Hazar’ın statüsü netleştikten sonra daha radikal bir gelişme oldu. Türkmenistan ve Azerbaycan’ın kara sularının sınırlarında iki ülkenin ihtilafa düştüğü zengin petrol ve gaz yatakları vardı. Birinin Kepez, diğerinin Serdar dedikleri ve milli sınırları içinde gösterdikleri bu saha bir savaş sebebi olabilirdi. İki devletin başkanları bir araya geldiler ve ‘’Dostluk’’ ismini verdikleri bu sahayı eşit hisselerle kurulacak bir şirketin işleteceğini duyurdular. Macaristan, Bulgaristan ve Romanya’ya sattığımız gaz, bu sahadan geliyor.  

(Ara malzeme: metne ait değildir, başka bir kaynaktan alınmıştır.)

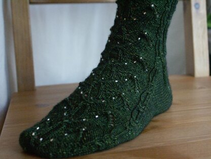 Leafy goodness! Twisted stitches, lace, cables and beads.. all the stops have been pulled for this sock, which is worked from the toe up. The interesting bits start right away at the tip of the toe. Sock is sized for average women's foot. Stitch patterns are presented in chart form only. Socks are beaded using the crochet hook add-as-you-go method.
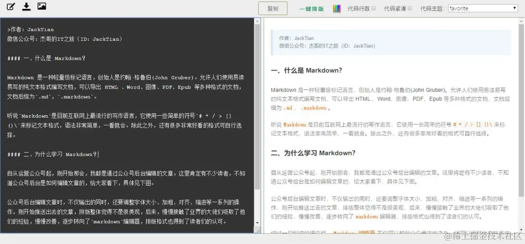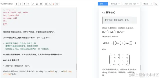 md2all编辑器编写好后,然后复制粘贴到公众号,所有的样式渲染地很完美,包括图片加载等等,且格式也不会变的很乱。 (备注:这里有修改)推荐一个神网站mdnice.com,可以将Markdown源文件复制Markdown编辑器,预览窗口即可显示效果,并可以复制到微信公众号或者知乎。

Azerbaycan böylece Ermenistan’a uyguladığı yaptırımları kaldırma sürecini başlattı. Bu aynı zamanda Ermenistan’ın, Türk okyanusunda bir ada olan bu memleketin, Türk dünyasına entegrasyon sürecinin de başlangıcı. Türkiye şimdiye kadar adım atmadı. Muhtemelen ilk adımı Azerbaycan’ın atmasını bekliyorduk. Zaman kaybetmeden Ermenistan ile normalleşmemizi sağlayacak adımları peş peşe atmalıyız. Zira 2026 seçimlerinde Türkiye düşmanlarıyla Paşinyan yarışacak. Ermenistan ekonomik ve siyasi açılardan rahatlar ve bu sayede seçimleri Paşinyan kazanırsa Türk dünyası da kazanmış olacak.